Adds overhead for other engines, (trino still has issues I believe)

Does this PR introduce any user-facing change?

No

Is the change a dependency upgrade?

No

How was this patch tested?

UT

zhangbutao · 2023-10-12T14:13:47Z

As far as I know, other engines, e.g.

Trino has its own customized HMS catalog and Trino does't use the property, and so the iceberg table created by trino cann't be queried by HS2. I have submitted an immature PR about this before: HIVE-26693: HS2 can not read/write hive_catalog iceberg table created by other engines #3726
Spark uses the HMS catalog which is from iceberg's code repository, so this change has no effect on Spark engine, and if user want HS2 to query iceberg table created by Spark, they still need add property --hiveconf iceberg.engine.hive.enabled=true.

ayushtkn · 2023-10-12T14:20:58Z

We made that conf default true in this PR, so that shouldn’t be required here & maintaining this TBLPROPERTIES is becoming an overhead for us.

So, if spark creates a table without this tbl property, we would be able to read that table out of the box & no other engine would require to set this property just to make HS2 read the table.

zhangbutao · 2023-10-12T14:32:10Z

We made that conf default true in this PR, so that shouldn’t be required here & maintaining this TBLPROPERTIES is becoming an overhead for us

I see. :) I may be overthinking this change a bit. I think It's a good to remove it.

So, if spark creates a table without this tbl property, we would be able to read that table out of the box & no other engine would require to set this property just to make HS2 read the table.

@ayushtkn This is what i just explained. Spark uses the HMS catalog which is from apache iceberg's code repository, so this change has no effect on spark unless we submit the PR to apache iceberg's code repository.

pvary · 2023-10-13T05:40:06Z

The hive.engine.enabled configuration drives if the SerDe is set on the Iceberg table, or not.
The HMS client tries to instantiate the SerDe if it is set, and fails if it is not on the classpath.

So the flag is necessary for Spark users who does not have the IcebergSerDe on the classpath to access the table through the HMS client.

ayushtkn · 2023-10-13T05:59:18Z

This flag is set during table create, so if it is true.

any client after that reading the table if it doesn’t have iceberg jars on classpath will always fail, right?
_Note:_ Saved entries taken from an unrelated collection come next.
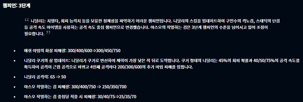 애쉬의 경우 스킬 딜링이 증가했고 니달리는 공격 속도 아이템을 주면 더 잘 어울리는 챔피언이 되었습니다. 또한 야스오는 스킬 데미지 너프를 당한 모습입니다.
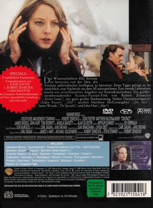 Die Wissenschaftlerin Ellie Arroway ist besessen von der Idee, die Existenz ausserirdischer Intelligenz zu beweisen. Eines Tages gelingt es ihr tatsächlich eine Nachricht aus dem All aufzuzeichnen: Eine fremde Lebensform macht ein verschlüsseltes Angebot zur Kontaktaufnahme!
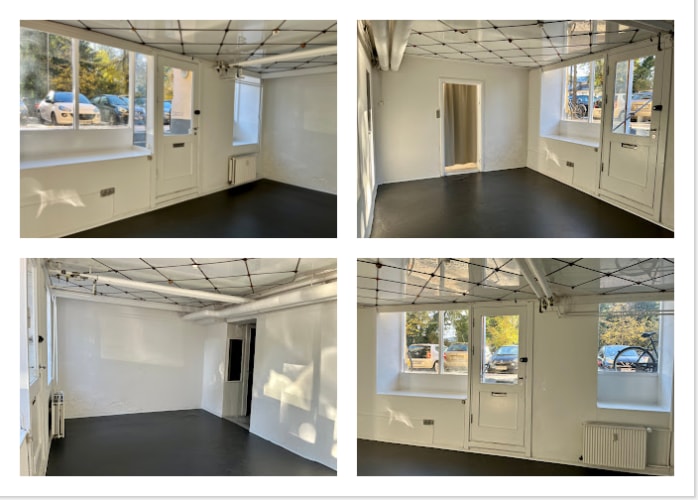 Lokalet er ca. 25 kvm. og velegnet som studio, kontor, atelier, showroom, værksted, butik.
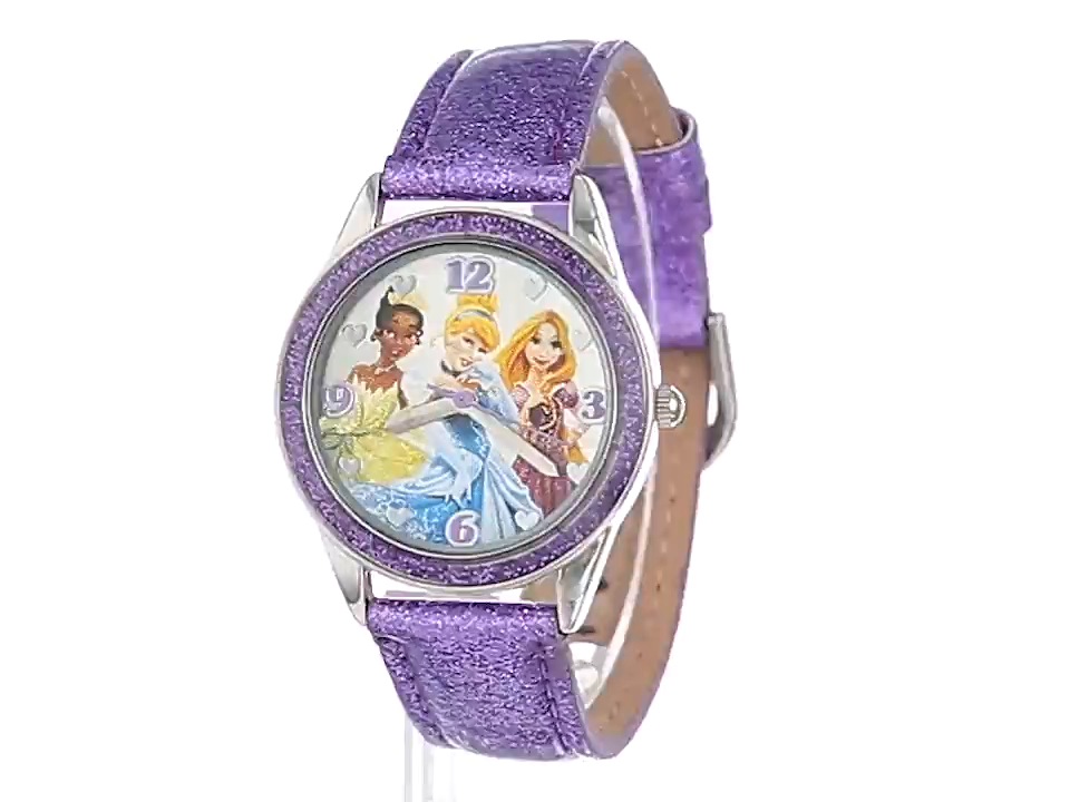 Disney Kids' PN1137 Princess Watch Watch with Glittery Purple Band
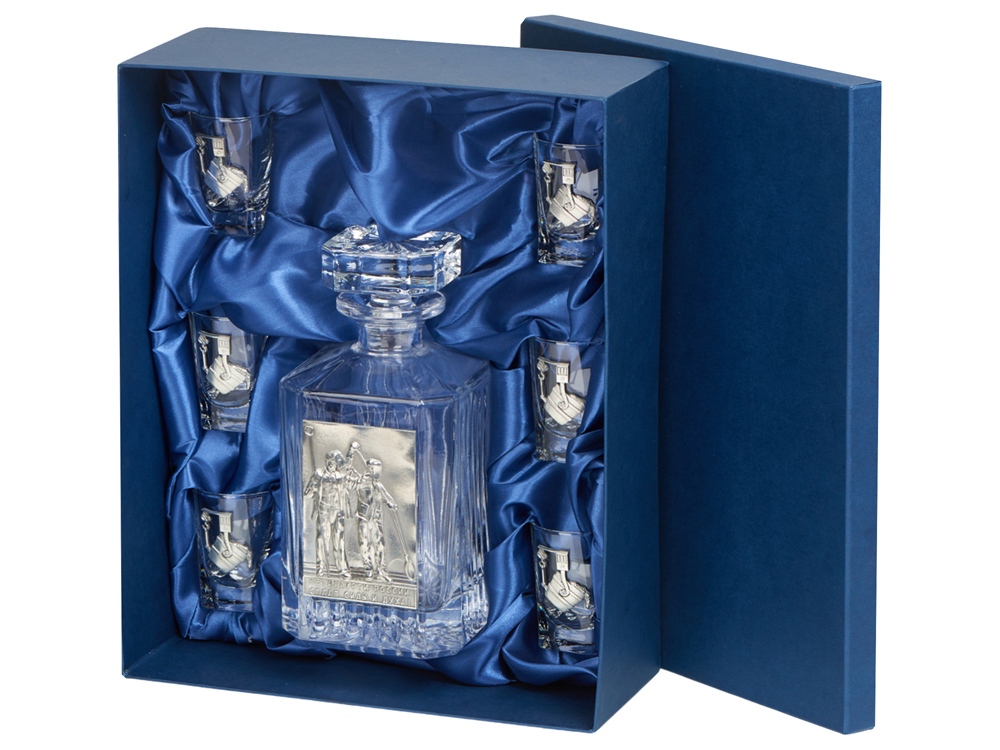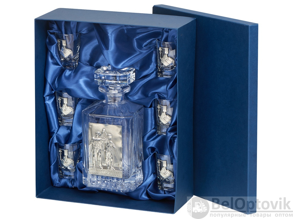 Для представителей настоящих мужских профессий и подарок должен быть соответствующий. Наш штоф, с набором рюмок, украшенный художественным литьем с эффектом антикварного серебра, является именно таким дорогим презентом.
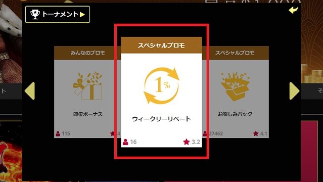 ウィークリーリベートボーナスを獲得したい場合は、まず日替わりプロモで「ウィークリーリベート」を選択してください。

But if we remove this TBLPROPERTIES and rely just on conf, the client which doesn’t have iceberg jars on classpath can set the config to false and he can succeed now?

cc. @deniskuzZ

ayushtkn · 2023-10-15T12:13:31Z

I have asked the spark folks to check on this, not sure how spark is working. This config stuff came from that side only :-)

Though I am still not sure, if we don't set this property & if spark uses old code, if the table property isn't set here:
https://github.com/apache/iceberg/blob/main/hive-metastore/src/main/java/org/apache/iceberg/hive/HiveTableOperations.java#L595-L596

it will still fallback on the config & if false, it will not set these params, so we should be safe & sorted.

sonarcloud · 2023-10-16T11:46:04Z

Kudos, SonarCloud Quality Gate passed!

0 Bugs
0 Vulnerabilities
0 Security Hotspots
0 Code Smells

No Coverage information
No Duplication information

The version of Java (11.0.8) you have used to run this analysis is deprecated and we will stop accepting it soon. Please update to at least Java 17.
Read more here

deniskuzZ

LGTM +1

wypoon · 2023-10-18T14:53:34Z

iceberg/iceberg-catalog/src/main/java/org/apache/iceberg/hive/HiveTableOperations.java

@@ -552,8 +552,7 @@ private static boolean hiveEngineEnabled(TableMetadata metadata, Configuration c
      return metadata.propertyAsBoolean(TableProperties.ENGINE_HIVE_ENABLED, false);
    }

-    return conf.getBoolean(
-        ConfigProperties.ENGINE_HIVE_ENABLED, TableProperties.ENGINE_HIVE_ENABLED_DEFAULT);
+    return conf.getBoolean(ConfigProperties.ENGINE_HIVE_ENABLED, true);


Please update the javadoc comment for this static method.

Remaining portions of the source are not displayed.